Character Analysis
If you’ve read any of our other "Character Analyses," you know by now that Cordelia is one wise old bird – especially considering that she’s a child for the majority of Brideshead Revisited. Cordelia seems to answer all our big analytical questions: Why is Sebastian unhappy? What will happen to him in the end? What’s the deal with Brideshead? Why do people hate Lady Marchmain? Amazingly, Cordelia addresses all of these questions – and she always does so while stuffing her face with eggs or meringue or appetizers at the Ritz. The point is that she’s not pondering the fate or psychology of her siblings; she just happens to notice with her childlike curiosity the answers to questions plaguing the adults around her.

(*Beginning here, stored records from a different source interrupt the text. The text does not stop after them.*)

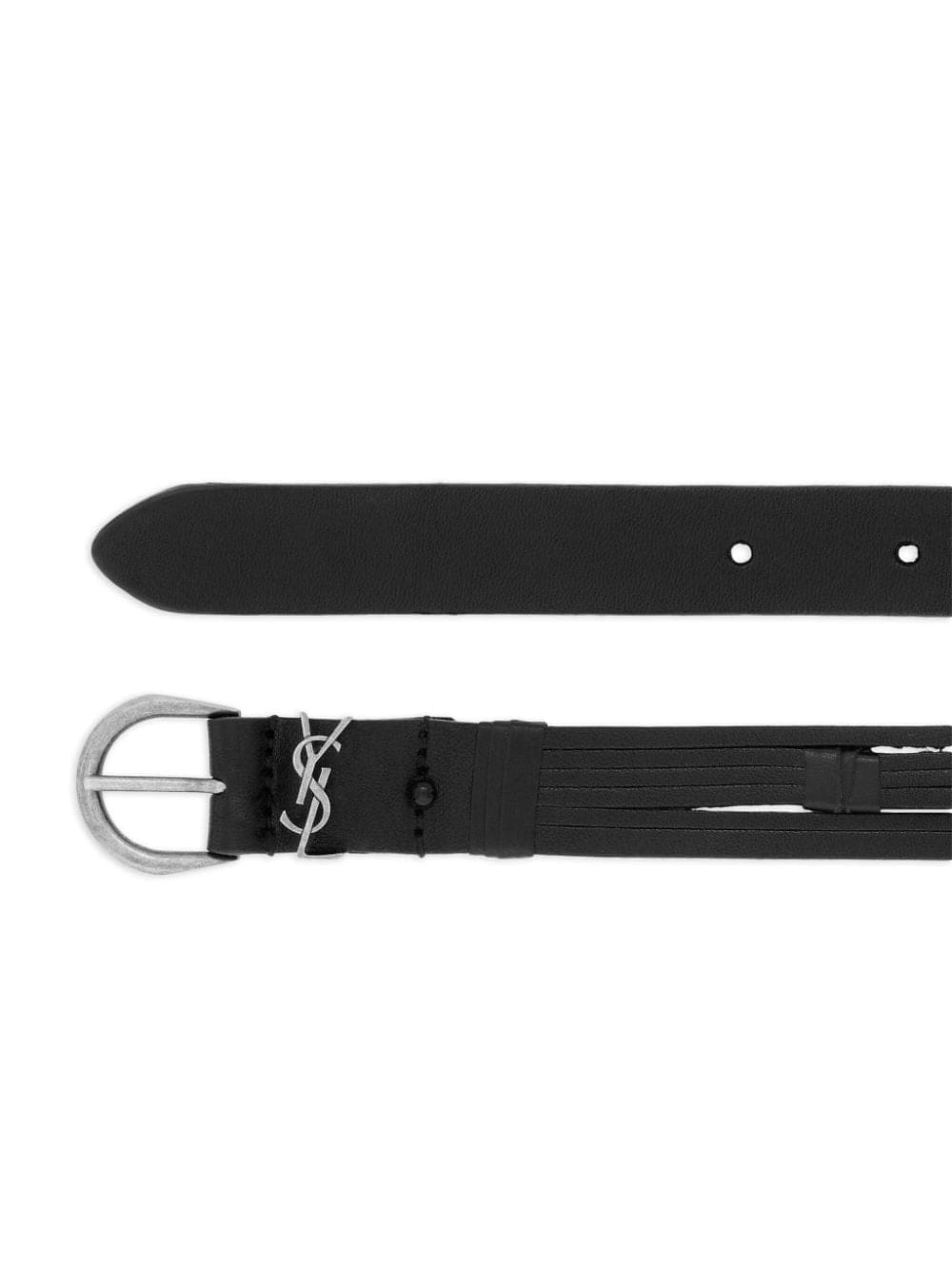 An unmistakable insignia of the maison, the Cassandre logo plaque decorates this thin calf leather belt from Saint Laurent's SS23 collection for a trademark touch.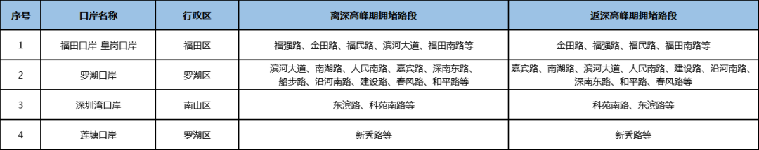 出行高峰期期间,预计福田口岸、皇岗口岸、罗湖口岸、深圳湾口岸、莲塘口岸周边福强路、金田路、滨河大道、南湖路、东滨路、科苑南路、新秀路等通行压力较大。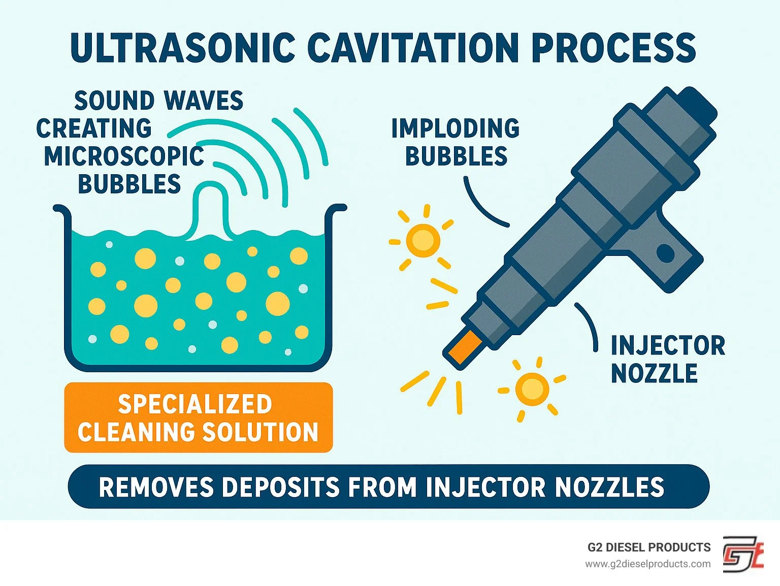 Ultrasonic cavitation creates forces exceeding 10,000 PSI in spaces smaller than a human hair. Those microscopic bubbles implode with incredible violence, literally tearing deposits away from injector surfaces. It's the only method that can reach into the tiniest passages that control spray pattern quality.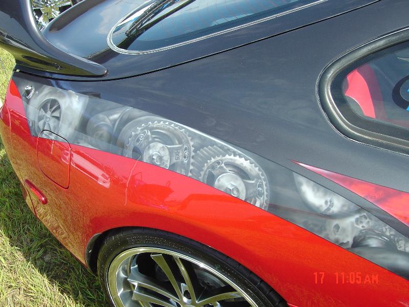 CUSTOM RED AND CHARCOAL PAINT WITH ENGiNE PARTS AIRBRUSHED ON CAR BY MR.SCRAPE CUSTOMS,ROD MILLEN FRONT LIP AND WING,HID HEAD LIGHTS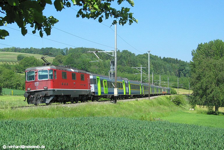 Ende Mai 2004, knapp ein halbes Jahr vor der Übergabe an die BLS, waren die EWIII-Kompositionen schon weitgehend umlackiert. Im Zug 2569 Schaffhausen - Zürich befindet sich nur noch ein Wagen in der originalen Lackierung (Lottstetten, 29.05.2004).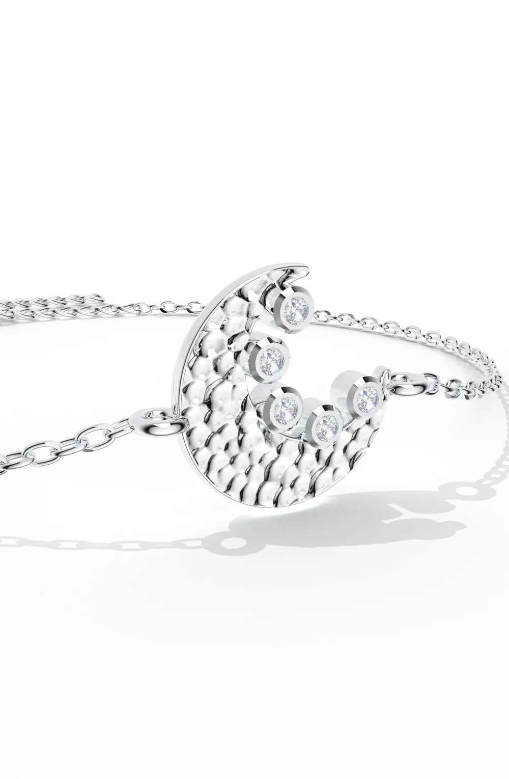 Like the first sliver of moonlight after the darkest night, this bracelet is a quiet symbol of new beginnings. Echoing the glow of a rising moon, its sculpted crescent shimmers with moissanite accents, ever-changing but unwavering in its promise. A reminder that each stage is a step forward, bringing with it the potential for greatness.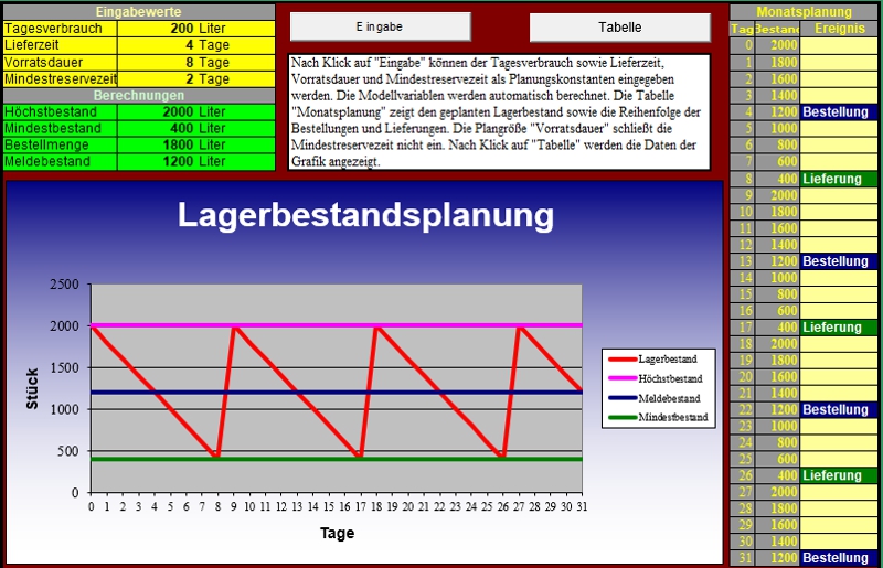 des Meldebestandes, Planung des Lagerbestandes, Anwendung der bedingten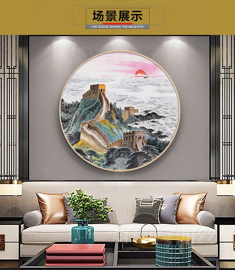 中國風貼鉆十字繡萬里長城鉆石畫滿鉆圓形畫客廳書法財運版鉆石繡1入

And thank goodness, because we’d be stuck on those study questions without her. In addition to being The Wisest Kid Ever, Cordelia is also the most loving and innocent of all the Flyte children. She’s the only one of Sebastian’s siblings who actually loves him, the same way that Charles does. Brideshead and Julia treat his alcoholism with mild annoyance, but Cordelia, unable to bear the sight of his suffering, sneaks him booze – just like Charles does. When she tells Charles to give Sebastian "her special love," she’s likely referring to the fact that her love is genuine and therefore unique among her family members. She will later tell Charles that Julia "never loved [Sebastian] as [she and Charles] do," and also that she herself "loved [Sebastian] more than anyone." Her unconditional and lasting loyalty is so strong that it leaves even Charles feeling guilty at having abandoned his friend. "The word reproached me," he says; "there was no past tense in Cordelia’s verb ‘to love.’" It makes sense, then, that Cordelia is the character given the privilege of describing her brother's death – see Sebastian’s "Character Analysis" for more.
But enough about Sebastian; what happens to Cordelia herself? She grows from a spirited, youthful, exuberant, troublemaking child into a…well, Charles isn’t exactly sure what she grows into. When he first sees her as an adult, he says, "It hurt to think of Cordelia growing up quite plain; to think of all that burning love spending itself […]. I thought her an ugly woman. […] When she said, ‘It's wonderful to be home,’ it sounded to my ears like the grunt of an animal returning to its basket." Ouch! But it’s only pages later that he changes his mind: "As we sat there talking, and I saw Cordelia's fond eyes on all of us, I began to realize that she, too, had a beauty of her own." And yet, a mere couple of pages after that, Charles admits to Cordelia that he thinks of her as "thwarted."
So beautiful or not (and this determination probably has something to do with Charles’s shifting definition of "beauty"), it’s clear that Cordelia is yet another of the Flyte children caught in the tension between the secular world of happiness and the holy world of suffering. As a child, Cordelia hopes aloud that she has a vocation. "It means you can be a nun," she explains to our favorite agnostic. "If you haven't a vocation it's no good however much you want to be; and if you have a vocation, you can't get away from it, however much you hate it." We realize, then, by the end of the novel, that Cordelia doesn’t have a vocation after all. She’s figured this out, and explains to Charles that "there are [...] people who can't quite fit in either to the world or the monastic rule. I suppose I'm something of the sort myself." Cordelia, then, is thwarted in more ways than one. Her holiness has been squandered as she has not fully devoted her life to God, yet her enthusiasm and charming trouble-making (as seen in her skillful imitations and practical jokes at Rex’s expense) have been similarly wasted – she has, as Julia puts it, "grown up quite plain."